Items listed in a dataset
====

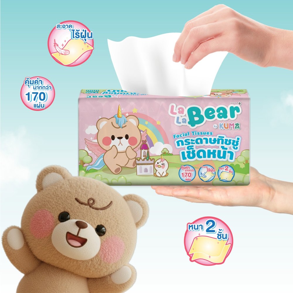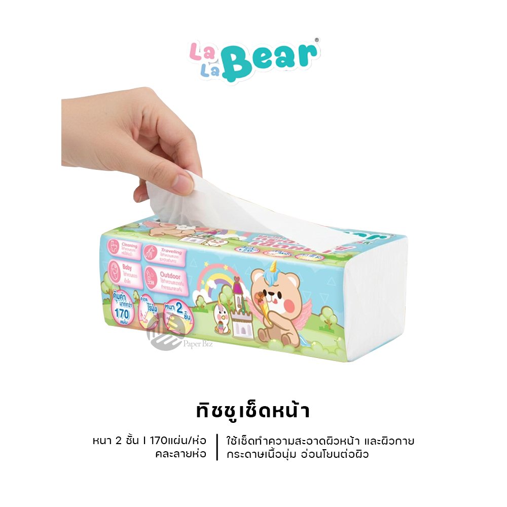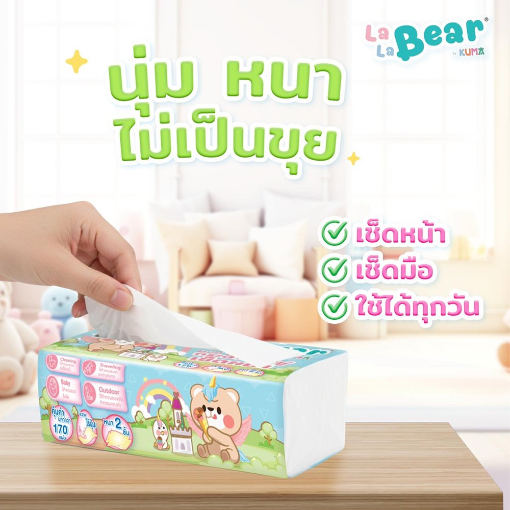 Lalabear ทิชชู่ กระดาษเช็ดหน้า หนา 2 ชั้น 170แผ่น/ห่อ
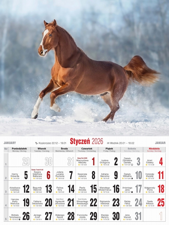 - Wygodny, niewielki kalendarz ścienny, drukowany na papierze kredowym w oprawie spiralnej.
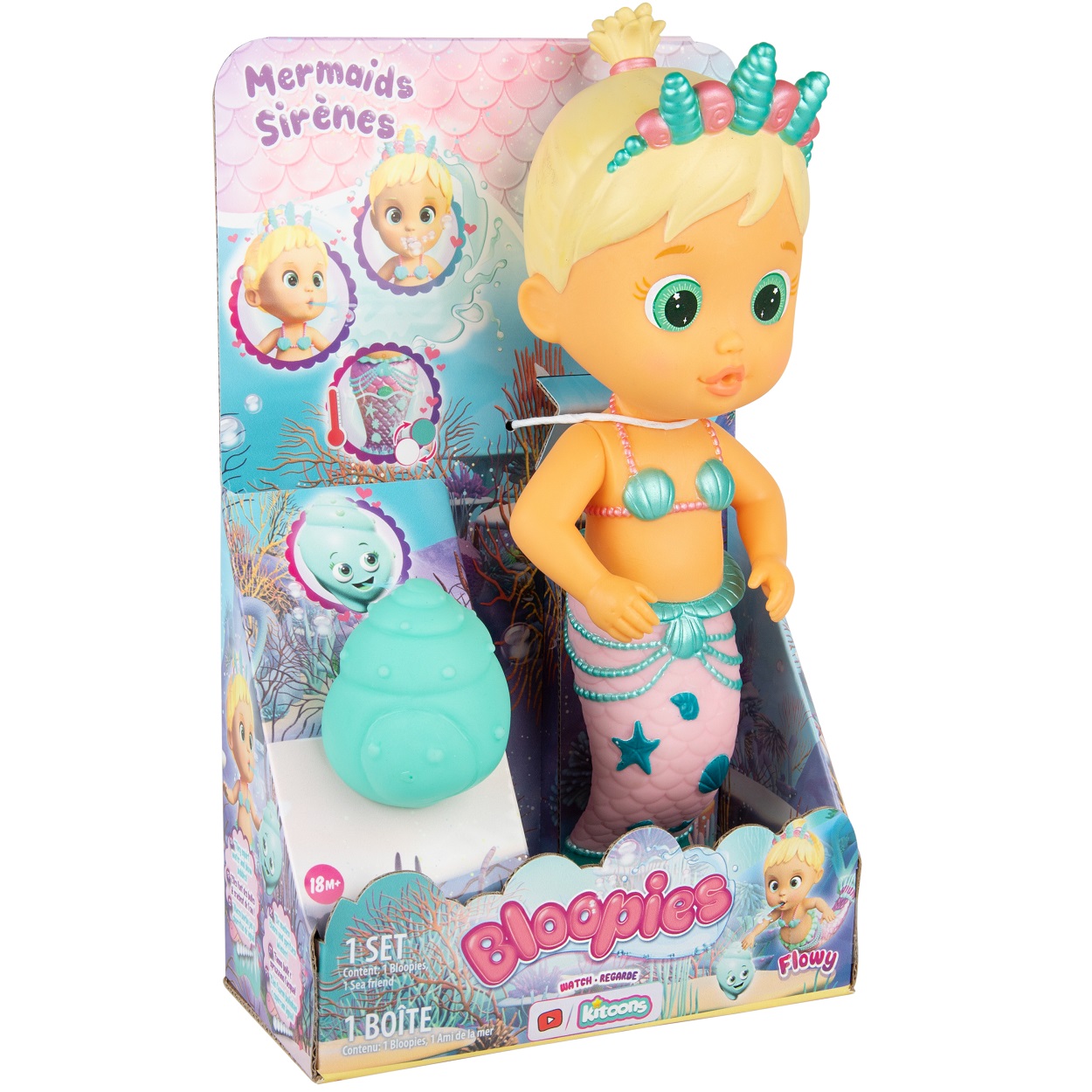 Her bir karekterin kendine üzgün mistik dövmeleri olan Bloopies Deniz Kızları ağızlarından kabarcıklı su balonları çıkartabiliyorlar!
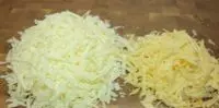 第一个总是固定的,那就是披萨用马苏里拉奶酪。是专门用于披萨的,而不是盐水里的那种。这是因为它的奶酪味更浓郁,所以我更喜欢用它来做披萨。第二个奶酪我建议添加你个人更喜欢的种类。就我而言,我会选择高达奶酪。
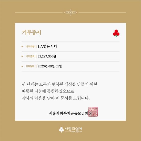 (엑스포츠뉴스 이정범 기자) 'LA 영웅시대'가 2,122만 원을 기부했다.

====

What you are asked to do
Give again exactly the lines from the one holding "- Wygodny, niewielki" to the final line of the records, both ends included; any pictures stay out.

Output
 - Wygodny, niewielki kalendarz ścienny, drukowany na papierze kredowym w oprawie spiralnej.
 Her bir karekterin kendine üzgün mistik dövmeleri olan Bloopies Deniz Kızları ağızlarından kabarcıklı su balonları çıkartabiliyorlar!
 第一个总是固定的,那就是披萨用马苏里拉奶酪。是专门用于披萨的,而不是盐水里的那种。这是因为它的奶酪味更浓郁,所以我更喜欢用它来做披萨。第二个奶酪我建议添加你个人更喜欢的种类。就我而言,我会选择高达奶酪。
 (엑스포츠뉴스 이정범 기자) 'LA 영웅시대'가 2,122만 원을 기부했다.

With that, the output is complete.